• Data records:
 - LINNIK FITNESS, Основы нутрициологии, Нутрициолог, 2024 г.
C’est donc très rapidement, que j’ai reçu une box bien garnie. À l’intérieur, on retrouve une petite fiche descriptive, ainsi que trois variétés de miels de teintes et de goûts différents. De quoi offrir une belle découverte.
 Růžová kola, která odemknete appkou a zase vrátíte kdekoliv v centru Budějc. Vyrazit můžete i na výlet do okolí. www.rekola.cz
---
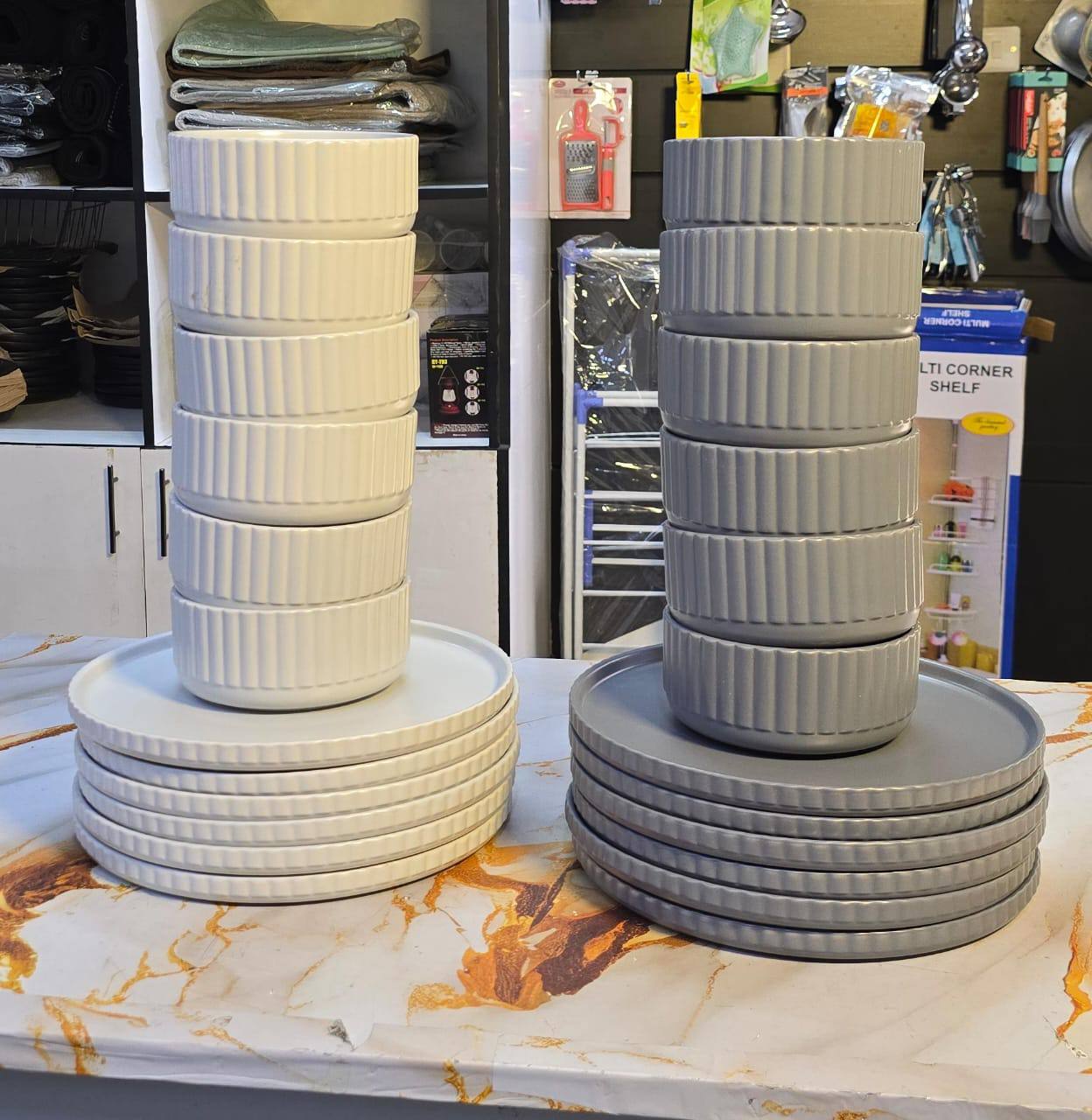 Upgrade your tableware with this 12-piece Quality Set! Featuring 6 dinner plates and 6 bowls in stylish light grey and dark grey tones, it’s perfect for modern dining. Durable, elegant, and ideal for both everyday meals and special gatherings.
* * *
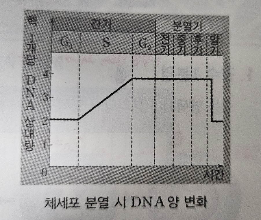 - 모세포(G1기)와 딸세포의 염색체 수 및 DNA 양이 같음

• What to produce:
All lines in the listing above between the line with "- LINNIK FITNESS, Основы" and the line with "Růžová kola, která", inclusive, should be set down exactly, and no line outside that range.

• Result:
 - LINNIK FITNESS, Основы нутрициологии, Нутрициолог, 2024 г.
C’est donc très rapidement, que j’ai reçu une box bien garnie. À l’intérieur, on retrouve une petite fiche descriptive, ainsi que trois variétés de miels de teintes et de goûts différents. De quoi offrir une belle découverte.
 Růžová kola, která odemknete appkou a zase vrátíte kdekoliv v centru Budějc. Vyrazit můžete i na výlet do okolí. www.rekola.cz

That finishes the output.